I'm currently draining a few wheels of what was intended to be a croûte fleurie, but I'm worried that I may not have used a sufficiently active starter culture. Where do I go from here?
For some background: I was ecstatic to discover that my second experiment with clabbering milk had finally worked after a full week on the countertop (68F, after warming initially to 100F). It took longer than I'd expected but eventually formed a smooth, tangy curd. By this point it was plenty sour so I went ahead and used about 2oz to culture 1gal raw milk for a croûte fleurie. Not really knowing what to look for after the ripening phase, I went ahead and pitched my rennet after 60m. The milk coagulated nicely and is set to drain overnight now, but the curds and whey both taste like milk--no acidity whatsoever. (Tomorrow I'll check the pet shop down the street for pH strips to post a more accurate reading if I can.)
How can I tell if my cheeses are under-ripened? What can happen? My worry is that they'll (1) taste bland or (2) allow less-desirable cultures to proliferate in my aging space. Is there anything I can do to get a croûte fleurie, or even just a tasty cheese?
Someone suggested a while ago that milk that takes a week to clabber is not really sound milk to be making cheese from, so keep that in mind. The longer the milk lasts at room temperature without going sour, the more likely that you'll get undesirable bacteria breeding up and potentially forming a big enough population to poison the milk. In fact, this may actually be the problem with your milk -- the lactic acid bacteria has too much competition to flourish. So with that in mind...
As far as the cheese is concerned then I don't think it really matters.
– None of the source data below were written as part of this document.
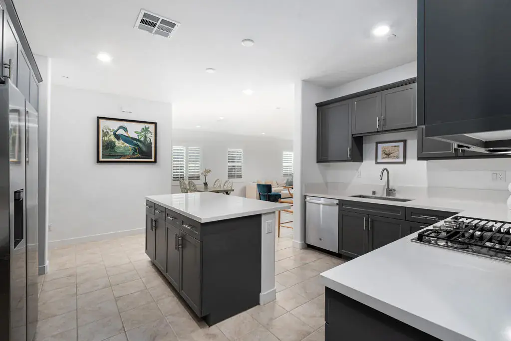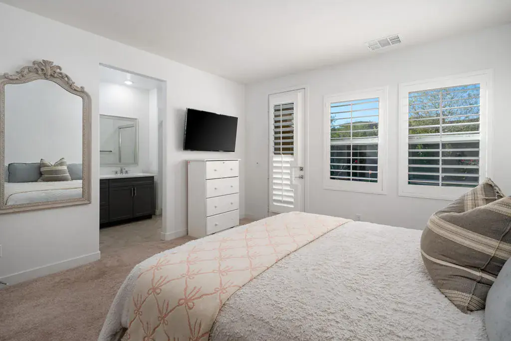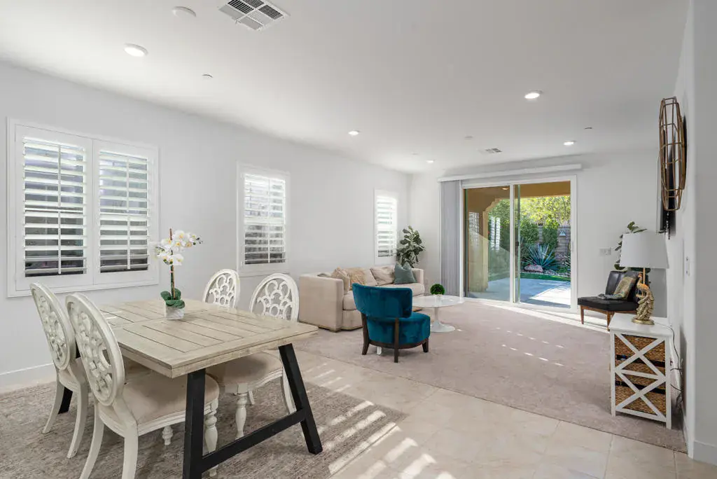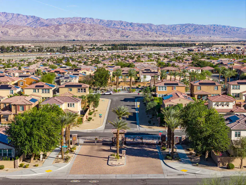 New Price! See this recently constructed home at a great new price in the convenient, gated Dolce community with Owned Solar system and Putting Green in the spacious back yard! You are invited to this beautifully crafted 3 bed, 2 bath 2023 single-family residence offering all the modern comforts and amenities of the desert lifestyle. You are first greeted by charming stone and Tuscan details and your eyes are immediately drawn through the open, light-filled main living area to the inviting backyard beyond. The generous living space is combine with a dining area that comfortably accommodates eight guests for all manner of gatherings.The kitchen will inspired the chef among you, with its quality GE appliances, convenient island prep area, ample countertops, and abundant storage, all finished in a sophisticated white and gray palette. A dedicated laundry room sits conveniently adjacent to the kitchen and a sizable 2 car garage.Enjoying beautiful natural light, the spacious primary bedroom suite offers direct access to the west-facing backyard, with an ensuite bathroom with double sinks. Two lovely additional guest bedrooms enjoy a full bathroom, providing privacy for the primary suite and visitors. Outside, the finished and fully landscaped backyard awaits, with a partially covered patio and a delightful five-hole mini golf area and artificial turf. With such a generously sized back yard, a pool and spa could easily be added in the future.Dolce community amenities include a gorgeous fenced pool and spa with restrooms, complemented by a distinctive tower, fountain, and breathtaking mountain views. The location provides excellent proximity to dining and shopping while maintaining a secure, family-friendly atmosphere.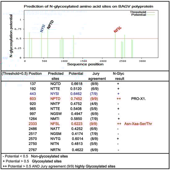 Prediction of N-glycosylated sites on the genome of BAGV were performed by submitting complete polyproteins on online version of NetNGlyc 1.0 Server (http://www.cbs.dtu.dk/services/NetNGlyc/). N-linked glycosylation is a post-translational event whereby carbohydrates are added to Asparagines, which occur in the consensus sequence Asn-Xaa-Ser/Thr, where Xaa is any amino acid except proline. “Potential” scores of predicted N-glycosylated sites across the protein chain from N- to C-terminal were illustrated using the default threshold of 0.5 and the “jury agreement” indicates how many of the nine networks support the prediction [].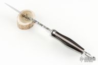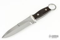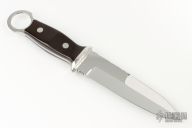 This knife by R. Nelson features a mirror polished blade with sharpened top edge and fileworked spine, .180" blade stock and 1.326" blade depth, full tapered tang construction. The handle has a stainless steel guard and black linen micarta scales with red liners. #193 on the blade. Excellent condition.
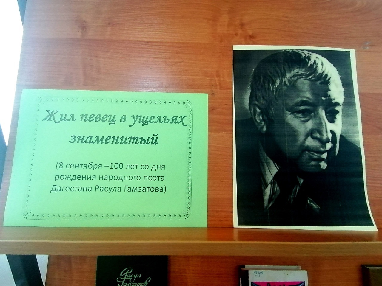 К этой знаменательной дате в читальном зале Центральной библиотеки оформлена книжная выставка «Жил певец в ущельях знаменитый», посвященная жизни и творчеству народного поэта Дагестана Расула Гамзатова. Вниманию читателей представлены сборники стихотворений и поэм, а также материалы о его жизни и творчестве.
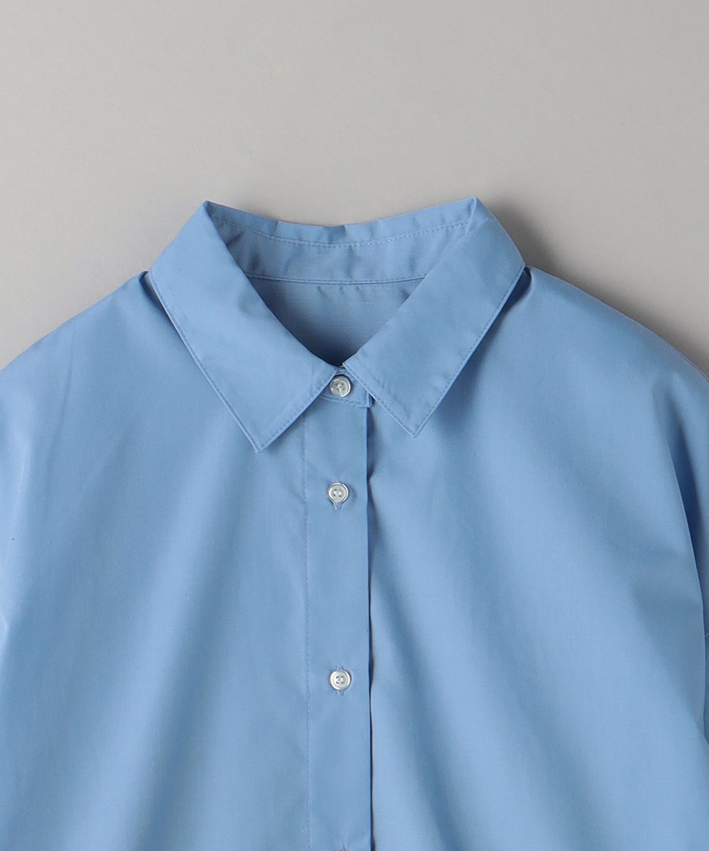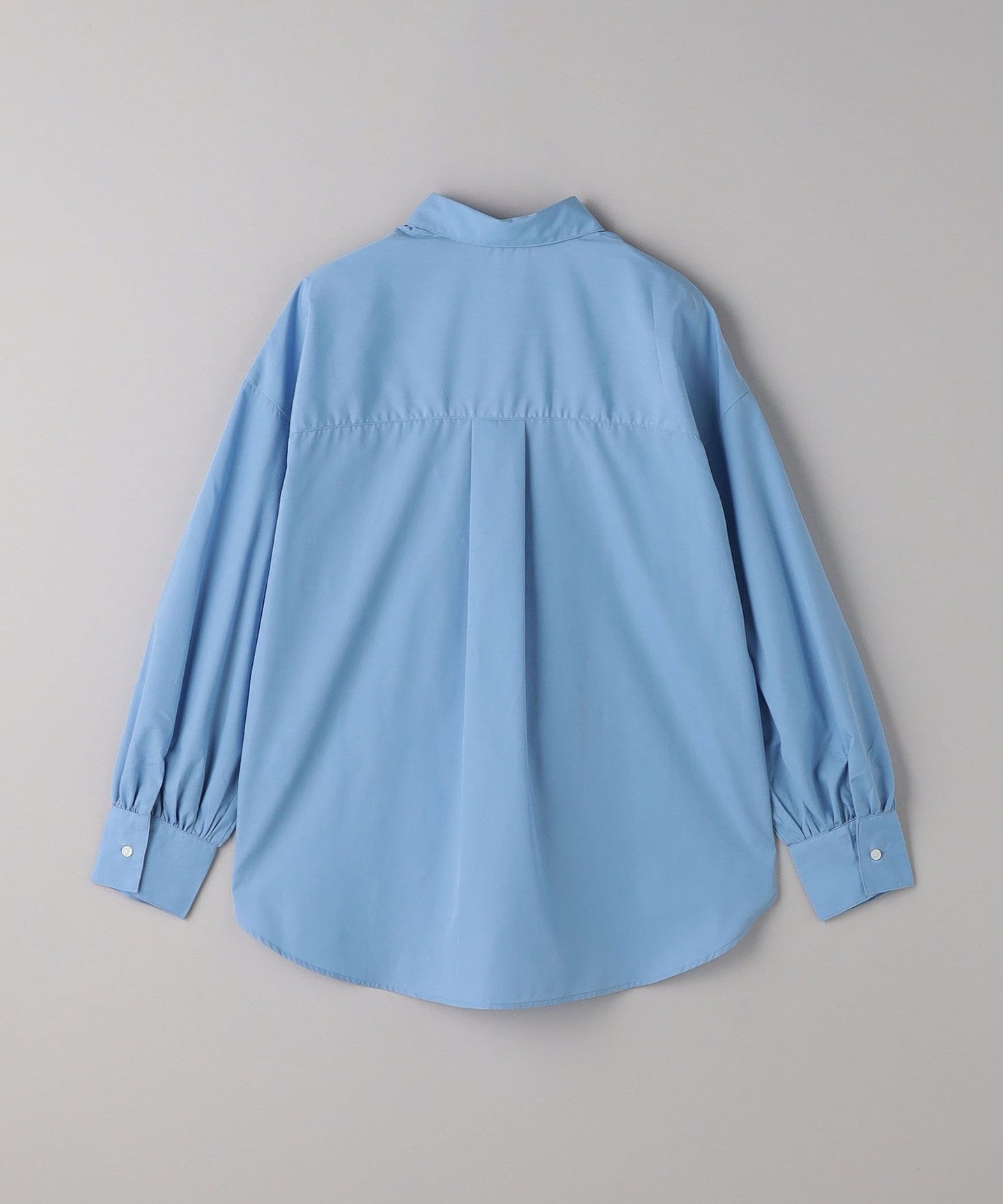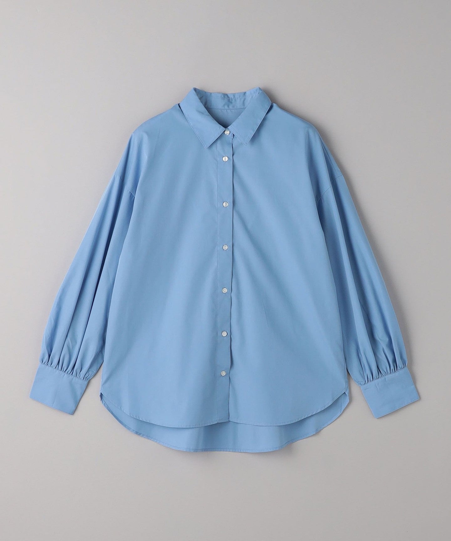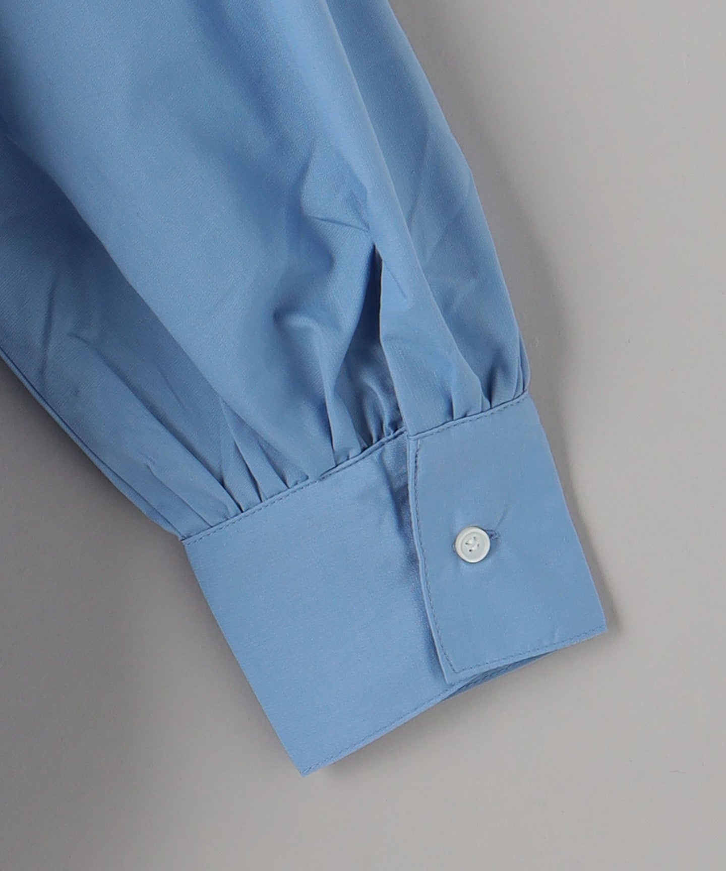 The shirt has a wide body with dropped shoulders and voluminous sleeves with gathered cuffs, creating a soft, feminine silhouette.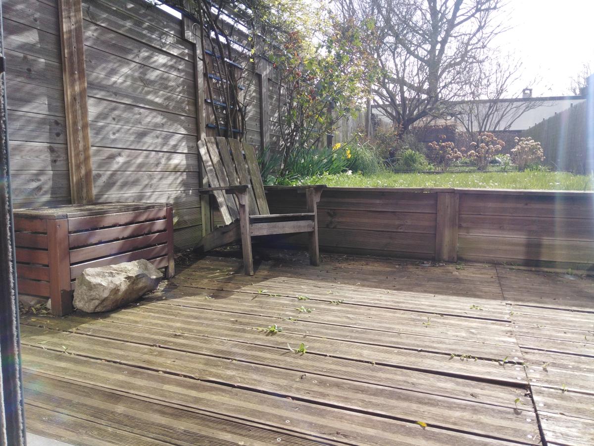 Extérieur : Terrasse, jardin clos, chalet de jardin ;

It frequently takes me 2-3 days to drain semi-lactic or lactic cheeses before I salt them (remember, these are acidic, so there is some added safety there). However long it takes, that's when you salt it.
If it were me, though, it would already be in the bin.
Thanks for the insight, I hadn't heard that explanation before. Is the idea that the souring specifically is a product of the cultures I want for cheesemaking, and that a long clabber indicates relative weakness of those cultures? I guess I'd been trusting my taste buds when I called it a success.
At any rate, the whey running off this morning definitely has more acidity to it (enough that I wouldn't want to drink more than a few spoonfuls of it, which is more than can be said of the whey left behind in the pot). The pet shop, however, only carries strips that will measure a pH between 6 and 9, so I'm left to my sense of taste. Can you give any indication of what I should expect for a croûte fleurie? I've made some lactic cheeses before, so I have that as a point of comparison.
Quality raw milk - when warmed up to body temp and allowed to sit at a warm room temperature - should clabber in 24, maybe 48 hours.
At that point it will have a nice smooth curd (no bubbles), a bit of whey at the sides/surface, and a lovely buttermilk aroma.
If it smells strange, has bubbles, has little flakey bits of curd and lots of whey, floating curd, etc, the raw milk has undesirable bacteria and that source is not fit for use for cheesemaking (at least not w/o pasteurization).
If the milk takes a long time to clabber, it may simply be because the milk was too cold (the lactofermentation test I described should actually be done in an incubator; however I have found that heating the milk to 100° and then keeping it in a warm spot in the house is usually sufficient). But clabber should be doable without an incubator (larger volume of milk will hold the temp).
Reluctant clabbering could also be due to sanitizer residue in the milk. Or enzymatic reaction inhibitors - though I can't seem to find much info on this (high somatic cell count? I don't know). Or too little lacto-bacteria, which can be an issue if there are other contaminating bacteria as they will become the dominating population, at the expense of milk/clabber quality and safety.
If this is your first bloomy rind effort, I recommend using a purchased culture for the first batch or several so that you can minimize the variables.
If you want to work with the clabber culture, I would go through a few generations before using it for cheese. It sounds like it came around in the end, so a spoonful of that added to fresh milk should clabber in a day and be a higher quality culture. Letting milk/clabber sit out for a week will allow undesirable molds to proliferate and that will make it hard to produce a nice clean white rind.